What should you consider when marketing with buying intent? Jon Clarke, CEO of Cyance outlines how to enhance inbound and ABM campaigns with B2B intent data

Enhancing Inbound and ABM Campaigns With Behavioural Intent Data

With only 2-5% of a given audience actively seeking to make a purchase at any given time, it’s increasingly important to consider buying intent to ensure strategies reach and resonate with the right active buyers. 

Of course, knowing how close individuals (or specific target accounts) in your audience are to a purchase decision is complex. But thanks to evolutions in technology, it’s now possible to leverage intent-data to create intelligent, buyer behaviour-focussed strategies - and add near real-time insight into inbound and ABM campaigns for greater advantage.

Working to intelligently monitor the digital footprints and engagements left by your target buyers, a behaviour-based, intent-driven approach can not only enhance the efficacy of your marketing and sales campaigns but enable a more targeted, personalised approach; as required in strategies such as account-based marketing.

So what should you consider when including buying intent in your marketing and sales campaigns? Cyance detail key process considerations to make in the steps below. 
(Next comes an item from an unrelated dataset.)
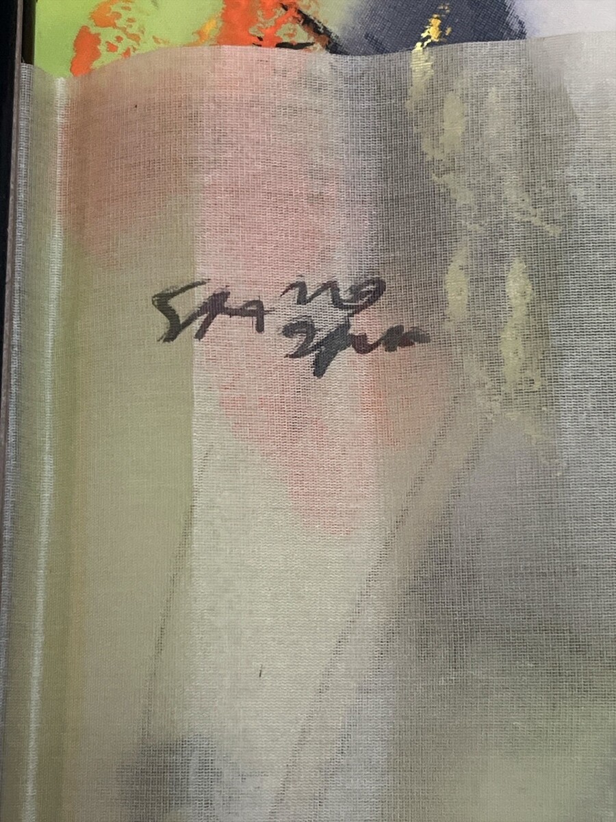 Good condition. Light waviness to the silk consistent with age and storage. No tears or major stains observed. Paint and gold accents remain vibrant. Please review photos for details.

Related: Using Buying Intent To Transform Marketing and Sales

6 Considerations For Marketing With Buying Intent

1. Adopt a Tiered Approach

It’s important to adopt a tiered approach to help define your total addressable market, based upon current or future value to your business and levels of engagement. The idea is to dedicate the majority of your marketing and sales resources to the audiences and contacts who are most likely to engage.

For example, at the top of the tier will be those who you dedicate most effort and resource toward; the few target buyers or accounts (with ABM) in your audience who show full engagement. Further down are those contacts who have demonstrated intent. Under that, are your good fit/lookalike contacts, and finally, we see those contacts at the inbound level.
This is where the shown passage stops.